WORK REQUEST
Working from the records below, return word for word the line that contains "h) 3-lagiges Softshell-Material" and each line after it, ending with the last. Skip all pictures.

Records contained in a dataset

%%

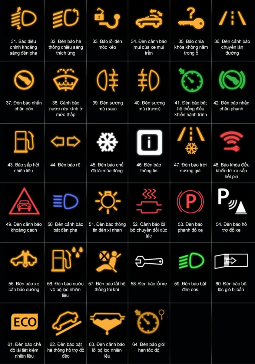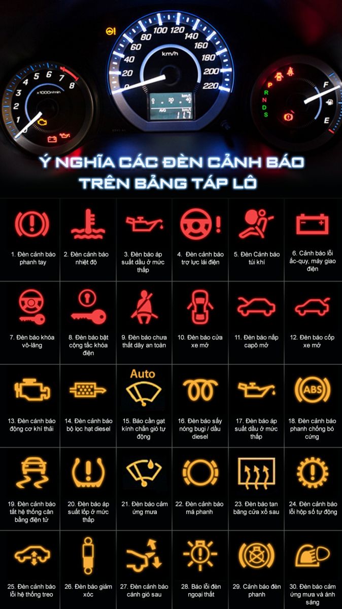 Hiện tại ở Việt Nam, trung bình một chiếc xe có tầm 9-12 ký hiệu phổ biến của đèn cảnh báo trên táp lô.
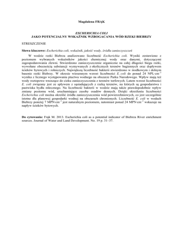 Magdalena FRĄK ESCHERICHIA COLI JAKO POTENCJALNY WSKAŹNIK WZBOGACANIA WÓD RZEKI BIEBRZY STRESZCZENIE Słowa kluczowe: Escherichia coli, wskaźnik, jakość wody, źródła zanieczyszczeń W wodzie rzeki Biebrza analizowano liczebność Escherichia coli. Wyniki zestawiono z poziomem wybranych wskaźników jakości chemicznej wody oraz danymi, dotyczącymi zagospodarowania zlewni. Stwierdzono zanieczyszczenie organiczne na całej długości biegu rzeki, wywołane obecnością substancji wymywanych z okolicznych terenów bagiennych oraz dopływem ścieków bytowych i rolniczych. Największą liczebność bakterii stwierdzono w środkowym i dolnym basenie rzeki Biebrzy. W okresie wiosennym wzrost liczebności E. coli do ponad 24 NPL·cm–3 wynika z licznego występowania ptactwa wodnego na obszarze Parku Narodowego. Wpływ mają też wody roztopowe wnoszące do cieku zanieczyszczenia z terenów torfowych. Latem wzrost liczebności E. coli związany jest ze spływem z sąsiadujących z rzeką terenów, na których są gospodarstwa i pastwiska bydła mlecznego. Na liczebność bakterii w wodzie mają także prawdopodobnie wpływ zmiany poziomu wód, uruchamiające zasoby osadów dennych. Dzięki określeniu liczebności Escherichia coli można określić źródła zanieczyszczenia wód powierzchniowych, co jest szczególnie istotne dla planowej gospodarki wodnej na obszarach chronionych. Liczebność E. coli w wodach Biebrzy poniżej 7 MPN·cm–3 jest naturalnym poziomem, natomiast ponad 24 MPN·cm–3 wskazuje na napływ ścieków bytowych. Do cytowania: Frąk M. 2013. Escherichia coli as a potential indicator of Biebrza River enrichment sources. Journal of Water and Land Development. No. 19 p. 31–37.
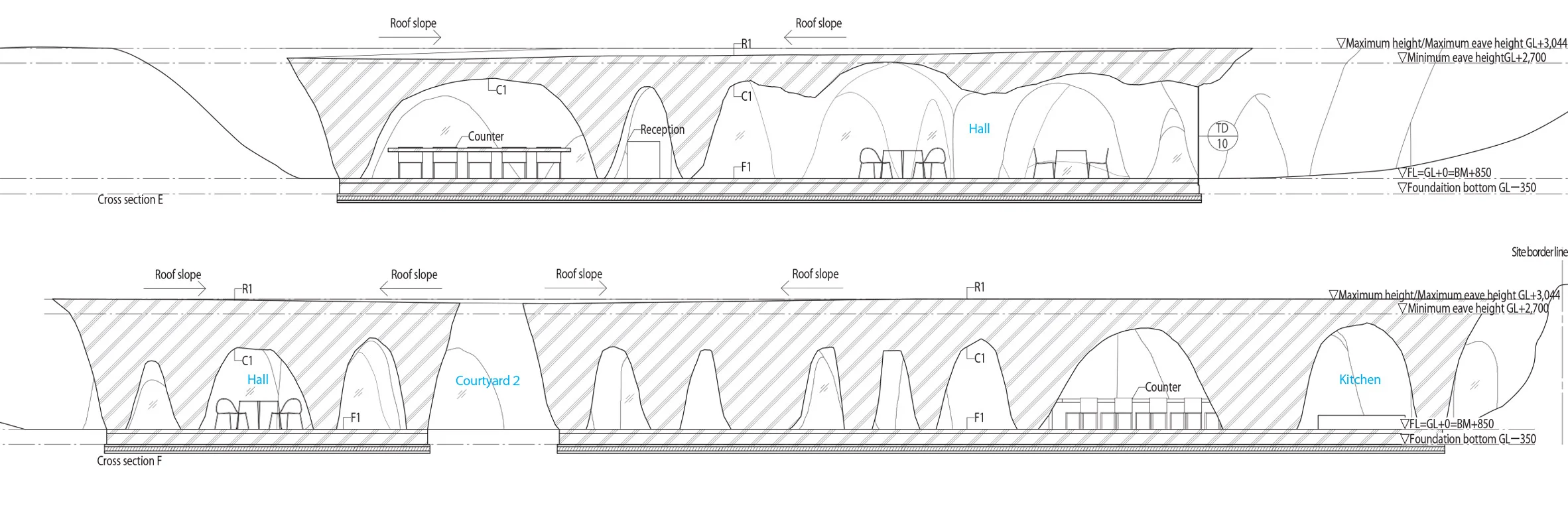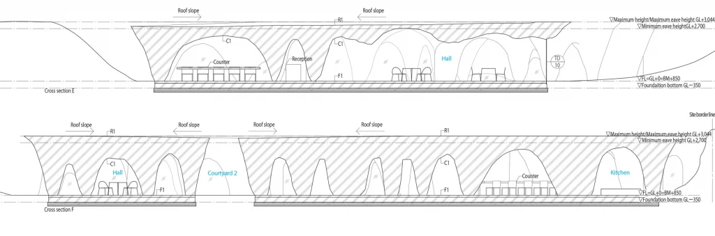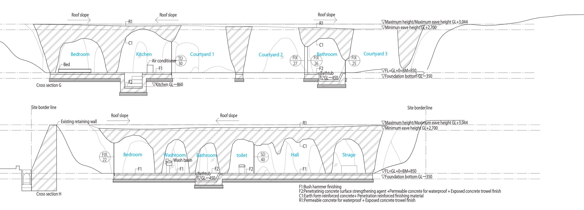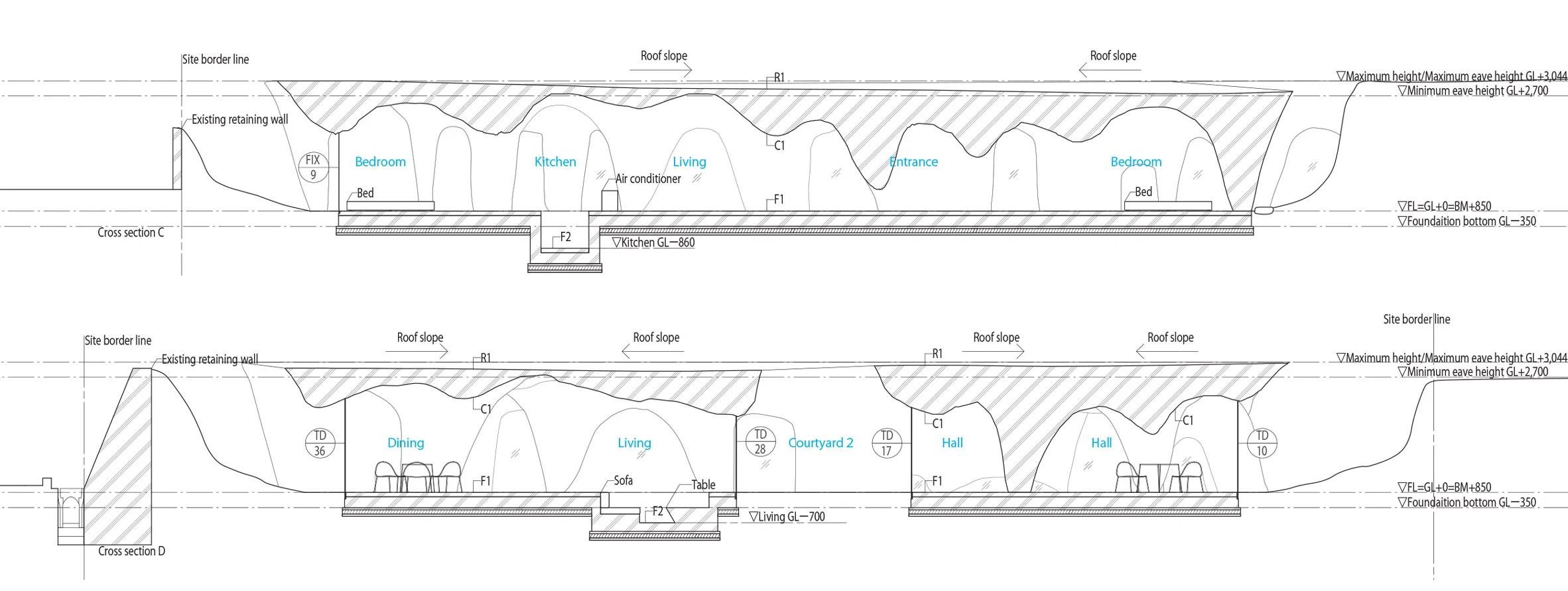 Ishigami chia sẻ với Dezeen rằng để ngăn bùn bị rửa trôi, chúng đã được “làm cứng bằng phương pháp sửa chữa các bức tường bằng đất của Nhật Bản”.
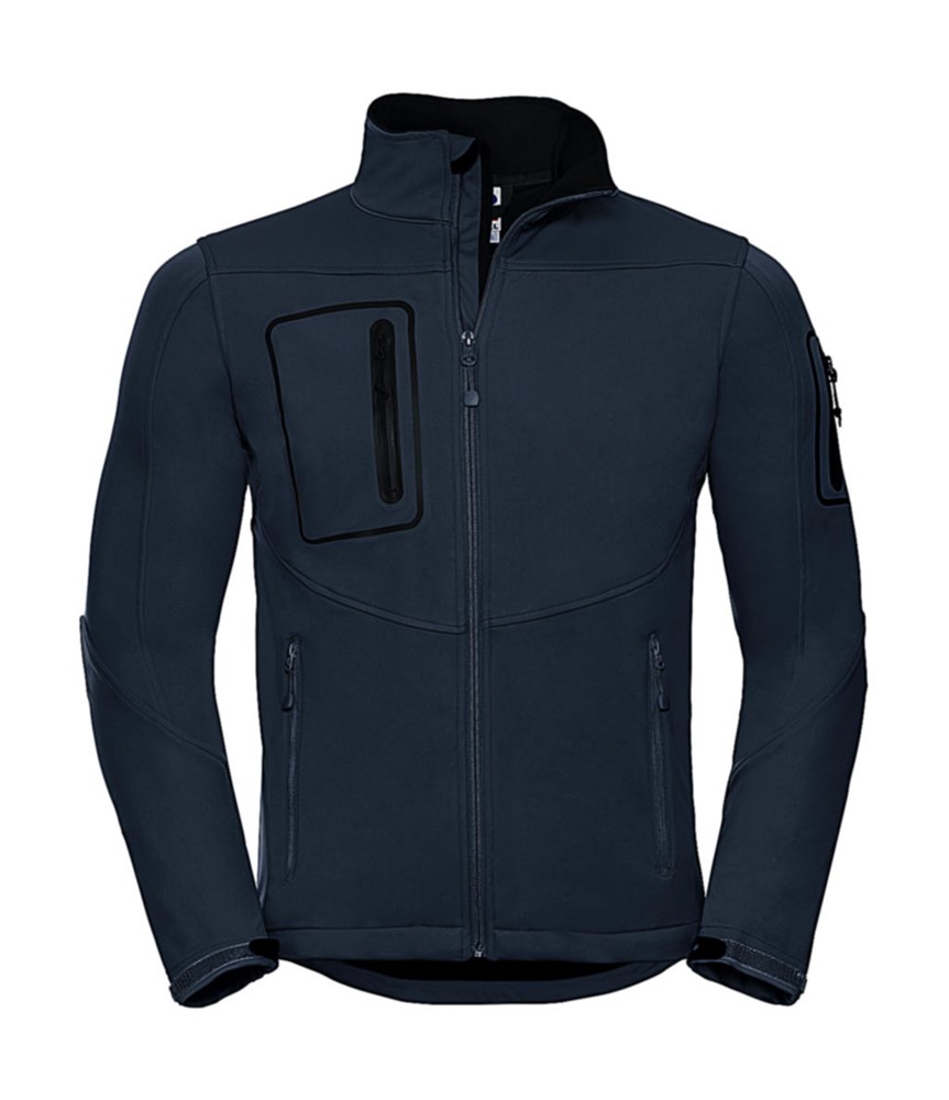·Atmungsaktives (bis 5.000 g/qm in 24 h) 3-lagiges Softshell-Material
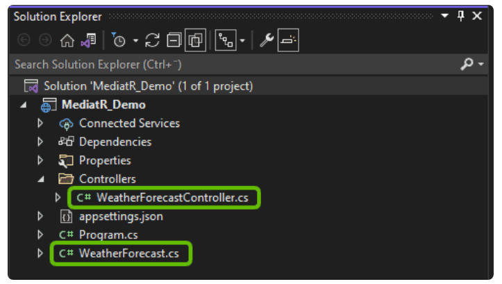 API 는 템플릿을 사용하여 만들어지기 때문에 일부 초기 정리 작업을 수행해야 합니다. 가장 먼저 해야 할 일은 프로젝트에서 Weather Forecast 클래스와 컨트롤러를 삭제하는 것입니다.
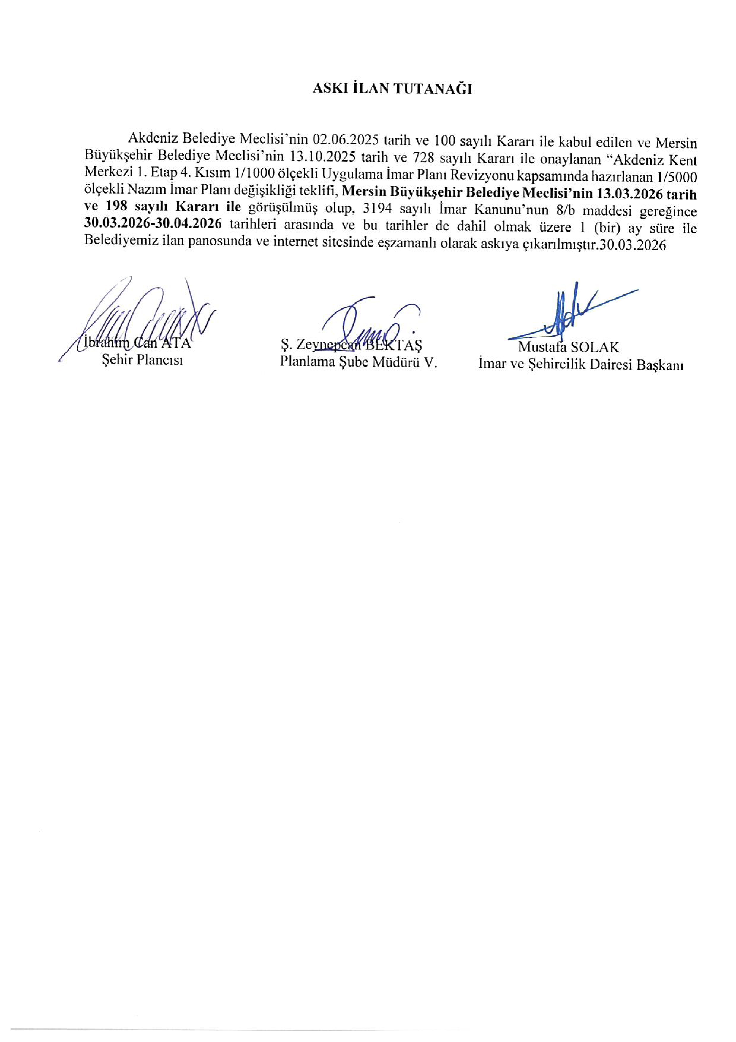 Akdeniz Kent Merkezi 1. Etap 4. Kısım 1/1000 ölçekli Uygulama İmar Planı Revizyonu kapsamında hazırlanan 1/5000 ölçekli Nazım İmar Planı değişikliği teklifi

%%

WORKED SOLUTION
·Atmungsaktives (bis 5.000 g/qm in 24 h) 3-lagiges Softshell-Material
 API 는 템플릿을 사용하여 만들어지기 때문에 일부 초기 정리 작업을 수행해야 합니다. 가장 먼저 해야 할 일은 프로젝트에서 Weather Forecast 클래스와 컨트롤러를 삭제하는 것입니다.
 Akdeniz Kent Merkezi 1. Etap 4. Kısım 1/1000 ölçekli Uygulama İmar Planı Revizyonu kapsamında hazırlanan 1/5000 ölçekli Nazım İmar Planı değişikliği teklifi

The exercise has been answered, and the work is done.